Olahan narasinya yang asyik ini adalah
satu alasan mengapa hamba bisa menuntaskan Little
Fires Everywhere
dalam dua hari, selain performa jajaran pemainnya yang mengagumkan.
Reese Witherspoon menjelma sebagai iblis manipulatif yang akan membuatmu
mengeluarkan segala sumpah serapah kepada Elena, sedangkan Kerry Washington
tampil begitu depresif sekaligus simpatik sampai-sampai saya juga geram bukan
kepalang di satu titik karena Pearl sempat menghardik Mia dan memuja-muja
Elena. Dasar anak durhaka! Tenggelam saja kau sana dengan ibu pujaanmu itu di
Samudra Atlantik! Kzl. Mesti diakui, Lexi Underwood mencuri perhatian sebagai
remaja yang mencari jati diri dengan chemistry
meyakinkan yang dibentuknya bersama Washington.
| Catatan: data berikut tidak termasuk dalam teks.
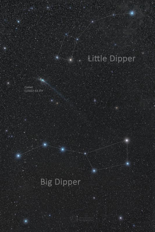 Can you still see the comet? Yes. Even as C/2022 E3 (ZTF) fades, there is still time to see it if you know where and when to look. Geometrically, Comet ZTF has passed its closest to both the Sun and the Earth and is now headed back to the outer Solar System. Its orbit around the Sun has it gliding across the northern sky all month, after passing near Polaris and both the Big and Little Dippers last month. Pictured, Comet ZTF was photographed between the two dippers in late January while sporting an ion tail that extended over 10 degrees. Now below naked-eye visibility, Comet ZTF can be found with binoculars or a small telescope and a good sky map. A good time to see the comet over the next week is after the Sun sets -- but before the Moon rises. The comet will move nearly in front of Mars in a few days Comet ZTF Gallery: Notable Submissions to APOD
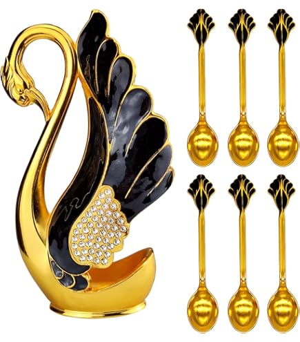 C'est le cadeau parfait pour les amoureux, les amis, les leaders et les membres de la famille., 4., En raison des mises à niveau du produit, certains emballages du produit n'ont pas pu être mis à jour simultanément, veuillez noter que l'ancien et le nouvel emballage seront expédiés au hasard Merci de votre compréhension. Description : le cadeau parfait, le design unique et le look élégant sont la combinaison parfaite pour les femmes au foyer passionnées, les chefs gastronomiques et les amateurs de cuisine. C'est un excellent cadeau d'anniversaire pour la famille ou les amis Donnez un jeu complet à la créativité, la belle base en forme de cygne est également alignée et rangée, se transformant en une boîte de maquillage sur la coiffeuse, le porte-stylo exquis sur le remplacement et le stockage des ustensiles dentaires sur l'évier de la salle de bain, ce qui est une décoration attrayante et exquise., 3., Le cygne est également un symbole de paix, de gentillesse, de bravoure et d'ambition. QXXSJ Ensemble De Tasses à Café En Porcelane Avec Cullères Et Support Il sera plus délicat et beau lorsqu'il est associé à un ensemble de tasses à thé avec bordure dorée sur la bande supérieure. Application : 1., En forme de cygne réaliste, pleine de beauté, la cuillère assortie est ronde et mignonne. C'est le meilleur point fort pour profiter d'un thé romantique. C'est le beau paysage, qui ajoute une touche de couleur vive à la maison, et a de bonne humeur chaque jour, peut être utilisé non seulement comme vaisselle mais aussi comme décoration., 2., Il est adapté pour le café, les gâteaux, les desserts, la crème glacée et plus encore. Facile à fixer : le haut de la cuillère est conçu avec une forme de nœud, et toutes les cuillères peuvent être fixées ensemble par un petit crochet. Ce n'est pas seulement de la vaisselle mais aussi de la décoration. On l'appelle « l'ange de la beauté et de la bonté ». cuivre Élucidation adolescent fourchette à tarte Centre Métaphore sucré Contenu : 1 base en cygne., 6 cuillères. Un cadeau parfait pour un mariage ou vos amis et votre famille. Barre De Café De Support De Base De Cygne De Ruban, Dinant La Table De... Caractéristiques : Couleur : doré Matériau : métal Matériau métallique de haute qualité, pas facile à déformer, durable, résistant à la saleté et facile à nettoyer, base antidérapante, tête de cuillère ronde et polie miroir, ne blesse pas votre bouche, soyez assuré de profiter du délicieux, la poignée a une perle dorée, très féminine. Dimensions : environ 8 x 15,5 cm. Mode d'emploi : Veuillez vérifier soigneusement la taille avant d'acheter. 【Haute qualité】Les cuillères sont fabriquées en métal de haute qualité, robuste et durable, résistant à la corrosion et ne rouille pas facilement.

Pemain remaja lain yang patut
pula mendapat kredit adalah pendatang baru Megan Stott yang menunjukkan
penolakan kepada Elena secara terang-terangan. Celetukannya tak saja cerdas,
tetapi juga nyelekit sehingga tak jarang saya sampai terbahak-bahak melihat
caranya menghadapi sikap otoriter sang ibu. Bersama dengan Mia, Izzy mempersembahkan
momen emosional yang mengundang cucuran air mata. Dia adalah karakter yang akan
saya beri pelukan hangat secara sukarela, alih-alih saya harapkan untuk
tenggelam atau terbakar seperti karakter-karakter lain dalam miniseri ini.
Percayalah, walau saya hanya menyinggung soal betapa menjengkelkannya Elena dan
Pearl, masih ada komplotan lain yang menguji kesabaran di Little Fires Everywhere yang tidak saya sarankan untuk ditonton
apabila kondisi mentalmu sedang tak bersahabat.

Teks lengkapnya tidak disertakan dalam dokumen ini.